The decision to sell the grand finals to Sydney, via Destination NSW, was announced in the days after the Socceroos’ inspiring run to the round of 16 at last year’s World Cup in Qatar.
Instead of harnessing the Socceroos’ momentum, the domestic game was plunged into immediate chaos, with players and clubs speaking out against the APL, former Melbourne Victory chairman Anthony Di Pietro stepping down from the APL board, and active fan groups announcing a boycott of matches.
Fans show their disappointment with the APL before the December 17 Melbourne derby, which later descended into chaos.Credit: Getty Images
Some Melbourne Victory supporters were so incensed they invaded the AAMI Park pitch in December’s derby against Melbourne City, with the man who threw a bucket of sand at goalkeeper Tom Glover jailed for three months.

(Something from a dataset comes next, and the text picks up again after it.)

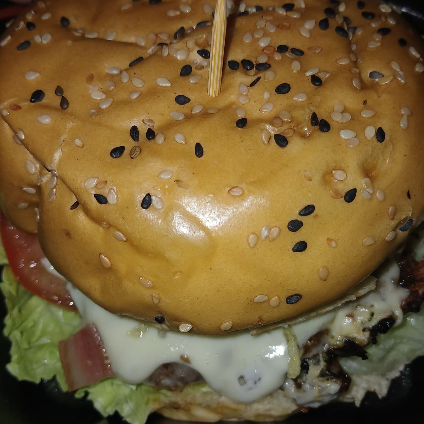 pan artesanal, carne, lechuga, cebolla, tomate, queso mozzarella, salsa de la casa

The APL, which was motivated primarily by financial considerations in selling the grand final to Sydney, was taken aback by the ferocity of the backlash from all corners of the football community, with fans broadly rejecting the premise that the deal was the start of a “new tradition” for the game in Australia.
Last season’s A-League Men grand final was held at CommBank Stadium, where the Central Coast Mariners thumped City 6-1. The women’s version was played at the same venue – despite Western United, who lost 4-0 to Sydney FC, having earned hosting rights under the previous model.
The APL declined to comment. Destination NSW was also contacted for comment.
The sources claimed the NSW government was behind the move to revisit the deal, after choosing not to support a mooted A-Leagues All Stars clash with Bayern Munich earlier this year due to budget restraints, but that the APL also saw it as an opportunity to cut its losses.
The APL’s original concept for grand finals in Sydney revolved around an All Stars clash against a high-profile European opponent held on the same weekend as the men’s and women’s domestic league deciders.